Likes the word ‘terrible,’ I declare, A terrible suit of clothes, a terrible tumor. Why must I stand it? Revolting — and yet fascinating in a weird way: my babbling shadow, my burlesque double.

Van was about to leave when a smartly uniformed chauffeur came up to inform’ my lord’ that his lady was parked at the corner of rue Saïgon and was summoning him to appear.

‘Aha,’ said Van, ‘I see you are using your British title. Your father preferred to pass for a Chekhovian colonel.’

‘Maude is Anglo-Scottish and, well, likes it that way. Thinks a title gets one better service abroad.
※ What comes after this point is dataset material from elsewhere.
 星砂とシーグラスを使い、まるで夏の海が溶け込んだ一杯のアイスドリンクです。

By the way, somebody told me — yes, Tobak! — that Lucette is at the Alphonse Four. I haven’t asked you about your father? He’s in good health?’ (Van bowed,) ‘And how is the guvernantka belletristka?’
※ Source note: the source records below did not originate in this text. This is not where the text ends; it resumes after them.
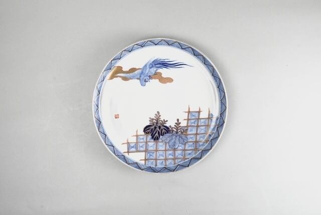 年々数が少なくなっている人気の8寸皿、口縁がくっと立ち上がっているのが特徴です。汁っ気の多いお料理も安心です。クリーム系のパスタなど、洋食にも使えそうです。絵付けもしっかり描かれていて高級感があります。
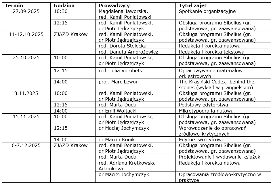 • wykłady i seminaria towarzyszące – zajęcia w jednej grupie poświęcone różnym zagadnieniom związanym z edytorstwem muzycznym, prowadzone przez redaktorów PWM oraz zaproszonych specjalistów, jedno lub dwoje zajęć na każdym spotkaniu; czas trwania: po 1,5h.
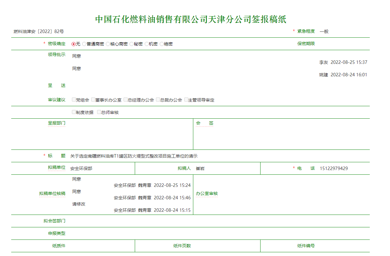 (1)采购人名称: 中国石化燃料油销售有限公司天津分公司
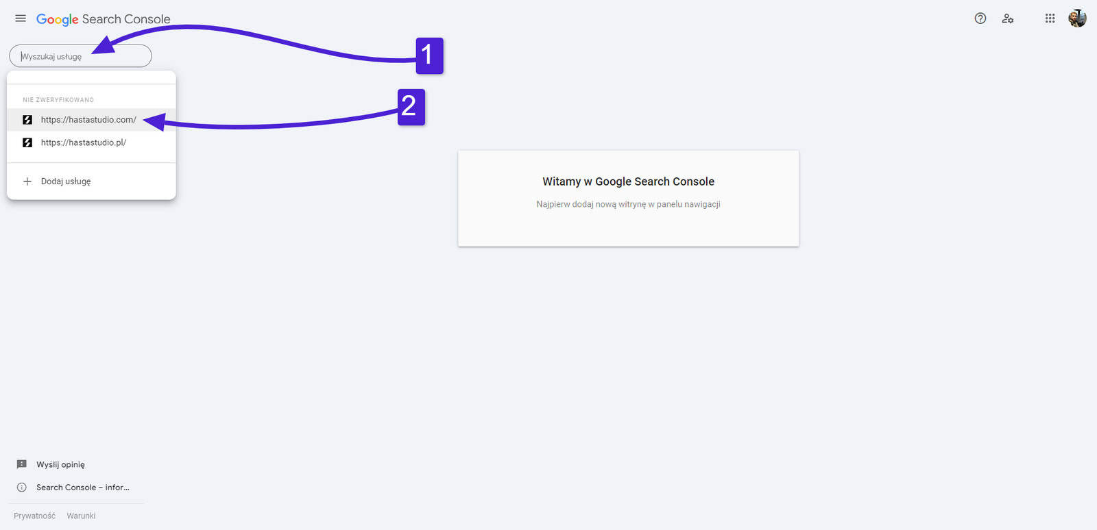 2. Gdy jesteśmy już zalogowani wyświetli nam się panel GOOGLE SEARCH CONSOLE

‘Her last novel is called L‘ami Luc. She just got the Lebon Academy Prize for her copious rubbish.’

They parted laughing. (3.2)

 

Darkbloom (‘Notes to Ada’): So you are married, etc.: see Eugene Onegin, Eight: XVIII: 1-4.
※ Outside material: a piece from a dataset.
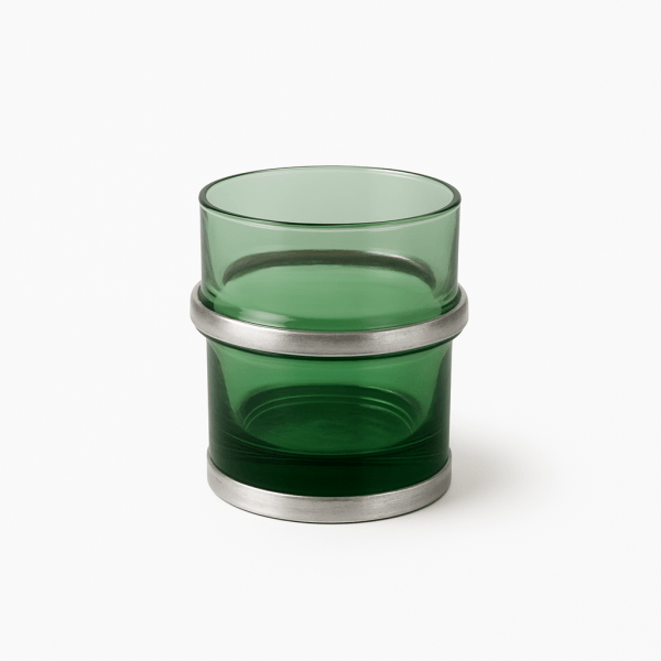 Moroccan Beldi Glass – Emerald Green with Brushed Silver Bands

za tvoyo etc.: Russ., your health.

guvernantka etc.: Russ., governess-novelist.

 

The father of the twins Greg and Grace, Colonel Erminin fails to appear at the picnic on Ada's twelfth birthday, sying in an apologetic note that his liver (Russ., pechen') is behaving like a pecheneg:

 

Three adult gentlemen, moreover, were expected but never turned up: Uncle Dan, who missed the morning train from town; Colonel Erminin, a widower, whose liver, he said in a note, was behaving like a pecheneg; and his doctor (and chess partner), the famous Dr Krolik, who called himself Ada’s court jeweler, and indeed brought her his birthday present early on the following day — three exquisitely carved chrysalids (‘Inestimable gems,’ cried throatily Ada, tensing her brows), all of which were to yield before long, specimens of a disappointing ichneumon instead of the Kibo Fritillary, a recently discovered rarity. (1.13)

 

Pecheneg (“The Savage,” 1897) is a story by Chekhov.